The key to transforming owner reaction, frustration and punishment, and inconsistently-trained dogs into satisfied, calm, confident members of society (goes for both dog and human!) is to empower them. They CAN teach their dogs using positive reinforcement and humane correction, and through those techniques, they CAN have a dog that learns to not jump again. They can have the dog that they want if only for their time and effort (and payments to the trainer who teaches them these skills). They can have the dog that heels beautifully on and off leash around distractions and no longer drags them down the street. They can have the foundation of respect and trust to call that dog off mid-chase without panicking, knowing that it will promptly turn and run back toward them regardless of what it was chasing. They can have the confidence to leave food out in plain sight and know that it will be left alone. They can have the peace of mind they want, knowing that they will be able to save thousands of dollars because the dog will not chew or ingest inappropriate items when unsupervised, necessitating emergency surgery to retrieve them the hard way.
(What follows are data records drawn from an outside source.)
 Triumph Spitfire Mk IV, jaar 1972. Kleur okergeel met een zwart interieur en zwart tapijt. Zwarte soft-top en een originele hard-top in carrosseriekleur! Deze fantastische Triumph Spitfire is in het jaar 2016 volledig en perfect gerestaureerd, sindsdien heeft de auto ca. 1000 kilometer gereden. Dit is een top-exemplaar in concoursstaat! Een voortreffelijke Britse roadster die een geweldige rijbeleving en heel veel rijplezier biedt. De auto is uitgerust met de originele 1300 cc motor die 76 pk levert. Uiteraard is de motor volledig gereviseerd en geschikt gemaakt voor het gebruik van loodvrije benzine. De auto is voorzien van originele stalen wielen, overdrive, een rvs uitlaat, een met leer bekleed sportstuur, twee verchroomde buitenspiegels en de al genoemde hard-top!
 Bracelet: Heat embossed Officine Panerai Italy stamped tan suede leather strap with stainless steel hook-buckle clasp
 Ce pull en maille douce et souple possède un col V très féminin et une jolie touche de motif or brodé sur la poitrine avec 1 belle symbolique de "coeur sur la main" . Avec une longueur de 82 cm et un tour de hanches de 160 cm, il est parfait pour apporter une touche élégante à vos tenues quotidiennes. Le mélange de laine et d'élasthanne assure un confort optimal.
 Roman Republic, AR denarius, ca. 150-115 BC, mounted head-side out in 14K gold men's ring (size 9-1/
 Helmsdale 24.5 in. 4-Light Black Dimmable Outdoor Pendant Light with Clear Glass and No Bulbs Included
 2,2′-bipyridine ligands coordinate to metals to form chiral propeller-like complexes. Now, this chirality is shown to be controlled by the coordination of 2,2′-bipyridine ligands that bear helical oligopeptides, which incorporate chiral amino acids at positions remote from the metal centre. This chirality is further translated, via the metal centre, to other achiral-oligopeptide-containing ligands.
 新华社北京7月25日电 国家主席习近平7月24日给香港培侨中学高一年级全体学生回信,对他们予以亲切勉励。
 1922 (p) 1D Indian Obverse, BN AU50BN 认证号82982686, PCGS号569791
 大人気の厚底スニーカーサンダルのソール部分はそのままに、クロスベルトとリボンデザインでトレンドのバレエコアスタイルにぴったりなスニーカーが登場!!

Unfortunately, as mentioned before, some well-meaning trainers believe this means withholding information that will likely save your relationship with your dog, if not your dog’s place as a pet in your home.

A good trainer will teach you how to turn a choke chain into a training collar, a shock collar into a remote training collar, or a “spiked” collar [NB: not referring to “pit bull” or LGD wolf collars here] into a pronged training collar, and change frustrated, emotional punishment into either a calm correction that helps the dog regroup and refocus. A good trainer does not always need to use food to reward the dog, but always has the option of doing so if necessary. A good trainer will teach you how to use rewards and aversives (remember, they need not always be collar corrections!) in a way that benefits the dog, rather than falsely benefiting you with tasks that feel good and sound good, but have little practical use in real-world training.

A good trainer never walks around with their “finger on the trigger,” so to speak, waiting for a dog to make a mistake so they can rain all kinds of aversives down on it.

But for many members of the general dog-owning public, they are absolutely itching to learn how to use “punishment” (to use the traditional behaviorism term) correctly. All we need to do is show them how, rather than admonish them to abandon the idea or worse, ignore their silent pleas and allow them to become frustrated enough to attempt to correct their dog in a way that is useless, counter-productive or downright abusive.

As someone more eloquent with words than I put it, “The secret to dog training is human training.”

I promised that I would reveal the non-Earth-shattering phrase uttered by the client with the problem Labrador puppy. As I was giving her information about training classes with real-world, balanced trainers (I have not yet established as a trainer at work) and explained what all she would learn with them, she sighed, looked at me and said “I would love to learn how to correct his bad behaviors.”

Provided that she continue to fulfill the dog’s needs for mental and physical stimulation, there is no reason at all this young woman should be denied this knowledge. Far from ruining her relationship with her dog, as many trainers are wont to point out, it will only further enhance it. It is my wish that she finds someone, if not myself, who will share this information with her so that her puppy can continue to grow and learn his place in this world. He’s got a lot of potential.

2 thoughts on “Empowering Dog Owners Through Balance, Part III”

  1. Pingback: Empowering Dog Owners Through Obedience, Part II

  2. Great insight in this post and this has also been my experience. Owners are so relieved when you tell them you can teach them how to effectively correct unwanted behavior, and when you assure them you don’t think they’re a bad person for wanting to say “no” to their dog!